GIVEN INFORMATION -
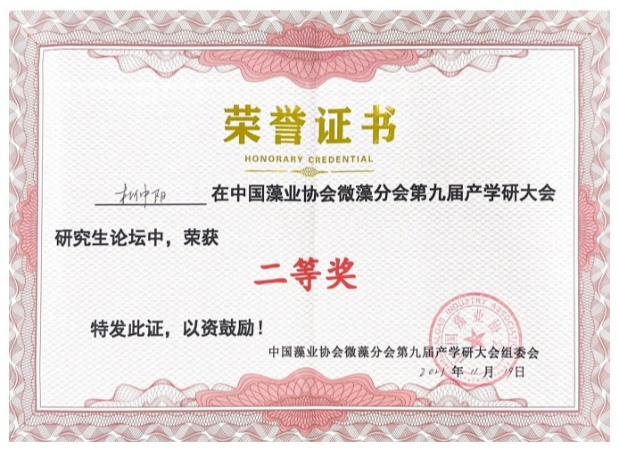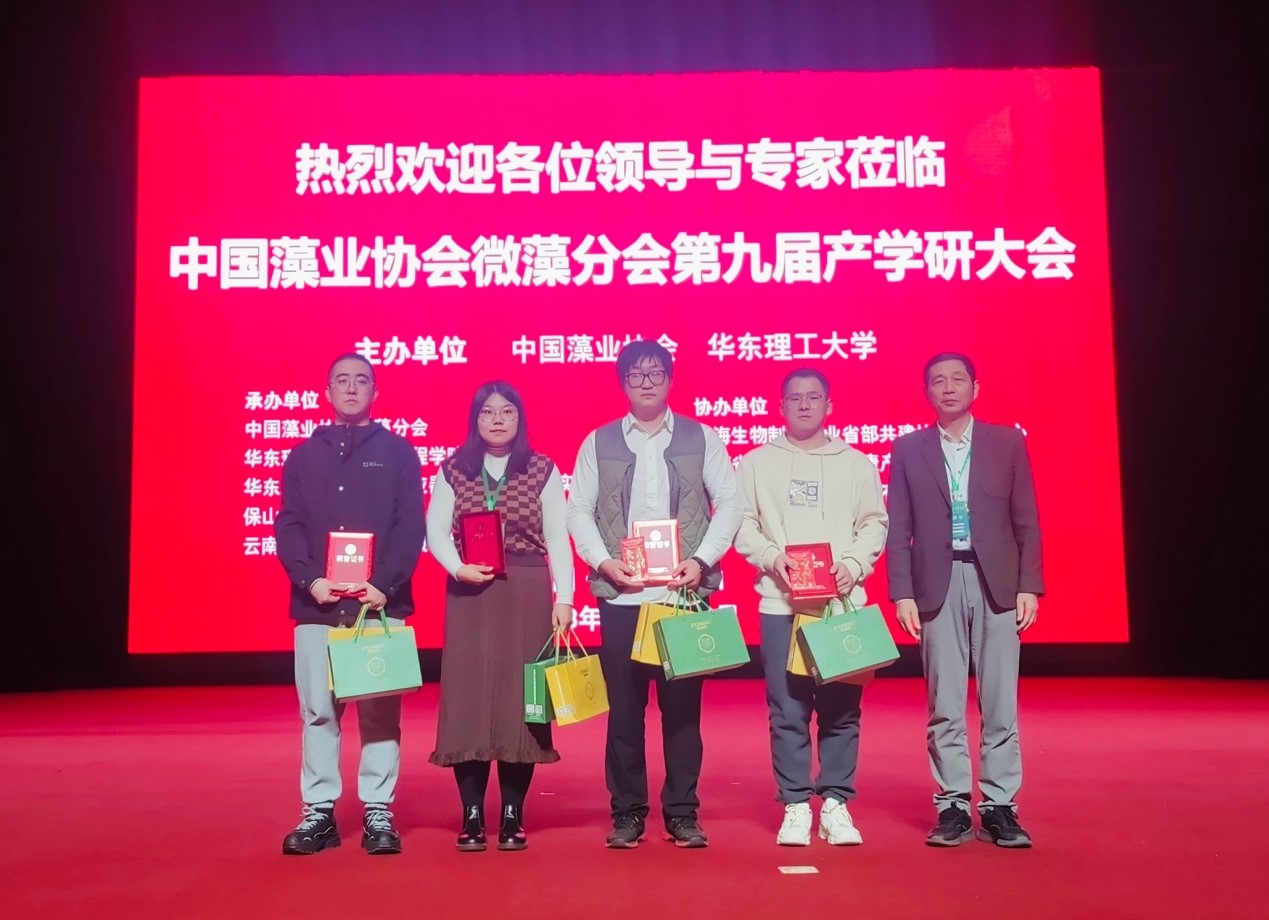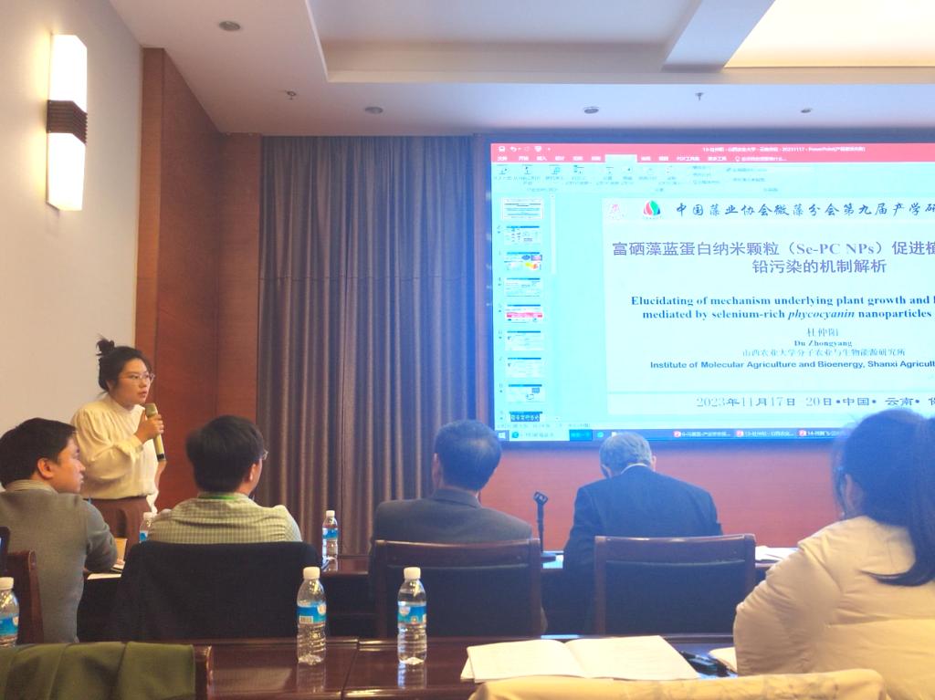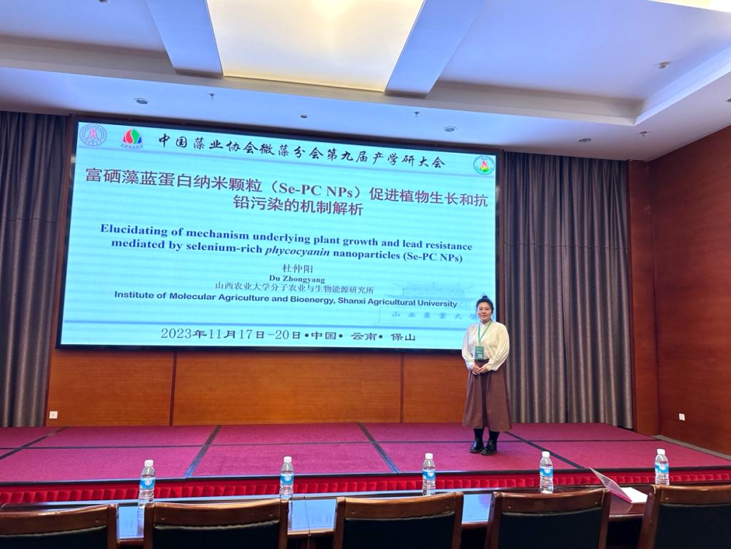 本次学术会议设立研究生论坛和优秀学术报告奖。20名来自全国各地院校的研究生作学术报告,其中(中国)有限公司特色油料与功能微藻团队农艺与种业硕士研究生杜仲阳(导师:李润植,崔红利)作了题为《富硒藻蓝蛋白纳米颗粒(Se-PC NPs)促进植物生长和抗铅污染的机制解析》的学术报告、并荣获“中国藻业协会微藻分会第九届产学研大会研究生论坛二等奖”。该研究运用天然藻蓝蛋白、硒元素与纳米颗粒成功制备了富硒藻蓝蛋白纳米颗粒(Se-PC NPs),并建立应用于作物生产的技术策略。试验表明外施Se-PC NPs可显著缓解土壤铅污染对烟草的危害,促进植物生长和抗逆性。生理生化检测及转录组学等多维分析揭示,外源Se-PC NPs通过提高烟草的抗氧化能力、激素信号传导和次生代谢物合成以及抑制植物对铅元素的吸收等,进而发挥促生长和抗铅毒的效应。该研究为功能性微藻生物制剂在农业生产中的应用及重金属污染土壤的利用提供了理论依据。
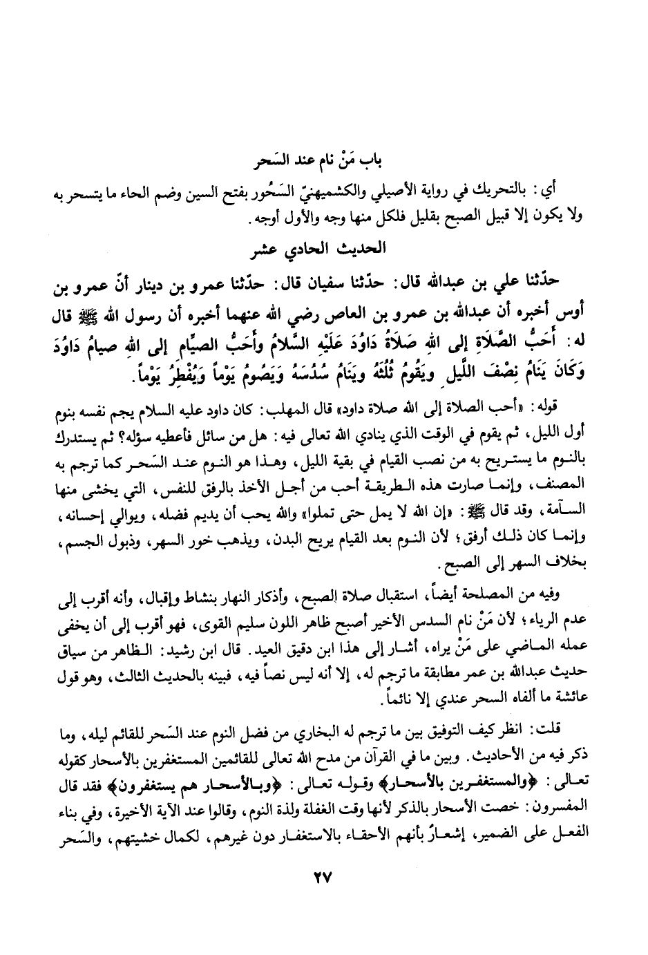 قلت: انظر كيف التوفيق بين ما ترجم له البخاري من فضل النوم عند السَحر للقائم ليله، وما ذكر فيه من الأحاديث. وبين ما في القرآن من مدح الله تعالى للقائمين المستغفرين بالأسحار كقوله تعالى: {وَالْمُسْتَغْفِرِينَ بِالْأَسْحَارِ} وقوله تعالى: {وَبِالْأَسْحَارِ هُمْ يَسْتَغْفِرُونَ} فقد قال المفسرون: خصت الأسحار بالذكر لأنها وقت الغفلة ولذة النوم، وقالوا عند الآية الأخيرة، وفي بناء الفعل على الضمير، إشعارٌ بأنهم الأحقاء بالاستغفار دون غيرهم، لكمال خشيتهم، والسَحر
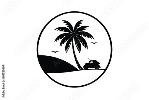 Sunset with Palm Tree and Snowmobile on Dune Illustration Design
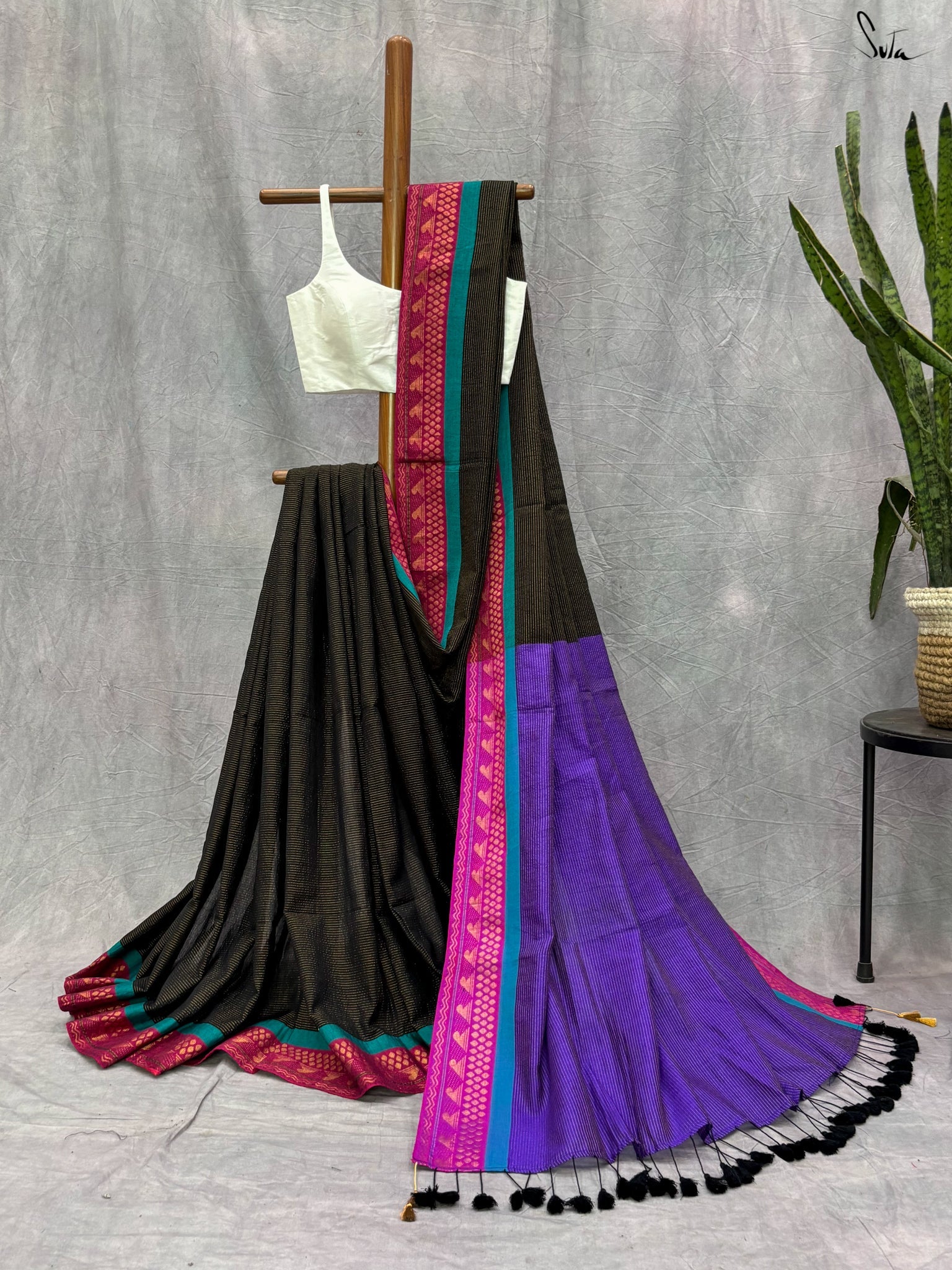 The exquisite 'Andheri Raat' saree is crafted from rich acrylic cotton with zari and features a contrasting pallu that playfully complements the black base. A contrasting thick zari border adds an extra layer of charm to this beautiful ensemble. Pair it with Suta's 'Surabhi' blouse and experience the colorful magic behold!

WHAT TO PRODUCE -
Without the pictures, return the whole of the data exactly as given.

SOLUTION FOR THIS EXERCISE -
 本次学术会议设立研究生论坛和优秀学术报告奖。20名来自全国各地院校的研究生作学术报告,其中(中国)有限公司特色油料与功能微藻团队农艺与种业硕士研究生杜仲阳(导师:李润植,崔红利)作了题为《富硒藻蓝蛋白纳米颗粒(Se-PC NPs)促进植物生长和抗铅污染的机制解析》的学术报告、并荣获“中国藻业协会微藻分会第九届产学研大会研究生论坛二等奖”。该研究运用天然藻蓝蛋白、硒元素与纳米颗粒成功制备了富硒藻蓝蛋白纳米颗粒(Se-PC NPs),并建立应用于作物生产的技术策略。试验表明外施Se-PC NPs可显著缓解土壤铅污染对烟草的危害,促进植物生长和抗逆性。生理生化检测及转录组学等多维分析揭示,外源Se-PC NPs通过提高烟草的抗氧化能力、激素信号传导和次生代谢物合成以及抑制植物对铅元素的吸收等,进而发挥促生长和抗铅毒的效应。该研究为功能性微藻生物制剂在农业生产中的应用及重金属污染土壤的利用提供了理论依据。
 قلت: انظر كيف التوفيق بين ما ترجم له البخاري من فضل النوم عند السَحر للقائم ليله، وما ذكر فيه من الأحاديث. وبين ما في القرآن من مدح الله تعالى للقائمين المستغفرين بالأسحار كقوله تعالى: {وَالْمُسْتَغْفِرِينَ بِالْأَسْحَارِ} وقوله تعالى: {وَبِالْأَسْحَارِ هُمْ يَسْتَغْفِرُونَ} فقد قال المفسرون: خصت الأسحار بالذكر لأنها وقت الغفلة ولذة النوم، وقالوا عند الآية الأخيرة، وفي بناء الفعل على الضمير، إشعارٌ بأنهم الأحقاء بالاستغفار دون غيرهم، لكمال خشيتهم، والسَحر
 Sunset with Palm Tree and Snowmobile on Dune Illustration Design
 The exquisite 'Andheri Raat' saree is crafted from rich acrylic cotton with zari and features a contrasting pallu that playfully complements the black base. A contrasting thick zari border adds an extra layer of charm to this beautiful ensemble. Pair it with Suta's 'Surabhi' blouse and experience the colorful magic behold!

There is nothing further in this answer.